(Saved data entries)
^^^^

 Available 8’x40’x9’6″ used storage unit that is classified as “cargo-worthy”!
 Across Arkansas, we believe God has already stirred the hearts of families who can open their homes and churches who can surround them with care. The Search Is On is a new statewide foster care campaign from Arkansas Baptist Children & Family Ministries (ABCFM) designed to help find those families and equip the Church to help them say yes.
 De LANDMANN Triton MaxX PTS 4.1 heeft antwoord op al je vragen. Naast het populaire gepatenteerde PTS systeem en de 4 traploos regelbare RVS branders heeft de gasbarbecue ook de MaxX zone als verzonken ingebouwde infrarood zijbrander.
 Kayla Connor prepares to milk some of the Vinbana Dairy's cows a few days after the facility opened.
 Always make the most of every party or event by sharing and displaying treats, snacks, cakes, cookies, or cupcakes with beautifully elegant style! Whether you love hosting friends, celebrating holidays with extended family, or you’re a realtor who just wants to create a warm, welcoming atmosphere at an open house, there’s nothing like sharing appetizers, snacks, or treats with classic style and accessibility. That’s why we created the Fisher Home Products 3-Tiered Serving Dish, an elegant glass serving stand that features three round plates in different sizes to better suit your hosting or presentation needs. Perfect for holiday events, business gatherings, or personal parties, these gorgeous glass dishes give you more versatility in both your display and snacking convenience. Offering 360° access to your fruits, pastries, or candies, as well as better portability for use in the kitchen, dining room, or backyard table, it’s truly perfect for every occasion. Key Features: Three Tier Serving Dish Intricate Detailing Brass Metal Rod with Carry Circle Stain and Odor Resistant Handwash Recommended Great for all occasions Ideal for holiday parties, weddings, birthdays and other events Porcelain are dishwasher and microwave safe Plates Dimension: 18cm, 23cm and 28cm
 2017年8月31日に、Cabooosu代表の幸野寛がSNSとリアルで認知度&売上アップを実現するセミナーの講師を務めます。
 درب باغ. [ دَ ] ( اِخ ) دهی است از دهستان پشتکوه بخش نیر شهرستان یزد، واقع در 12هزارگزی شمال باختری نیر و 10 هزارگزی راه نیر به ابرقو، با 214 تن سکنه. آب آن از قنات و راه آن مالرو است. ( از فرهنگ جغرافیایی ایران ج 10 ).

^^^^

### What to do
Copy the records above exactly, beginning at the line that contains "Kayla Connor prepares" and stopping after the line that contains "2017年8月31日に、Ca".

### Exercise response
 Kayla Connor prepares to milk some of the Vinbana Dairy's cows a few days after the facility opened.
 Always make the most of every party or event by sharing and displaying treats, snacks, cakes, cookies, or cupcakes with beautifully elegant style! Whether you love hosting friends, celebrating holidays with extended family, or you’re a realtor who just wants to create a warm, welcoming atmosphere at an open house, there’s nothing like sharing appetizers, snacks, or treats with classic style and accessibility. That’s why we created the Fisher Home Products 3-Tiered Serving Dish, an elegant glass serving stand that features three round plates in different sizes to better suit your hosting or presentation needs. Perfect for holiday events, business gatherings, or personal parties, these gorgeous glass dishes give you more versatility in both your display and snacking convenience. Offering 360° access to your fruits, pastries, or candies, as well as better portability for use in the kitchen, dining room, or backyard table, it’s truly perfect for every occasion. Key Features: Three Tier Serving Dish Intricate Detailing Brass Metal Rod with Carry Circle Stain and Odor Resistant Handwash Recommended Great for all occasions Ideal for holiday parties, weddings, birthdays and other events Porcelain are dishwasher and microwave safe Plates Dimension: 18cm, 23cm and 28cm
 2017年8月31日に、Cabooosu代表の幸野寛がSNSとリアルで認知度&売上アップを実現するセミナーの講師を務めます。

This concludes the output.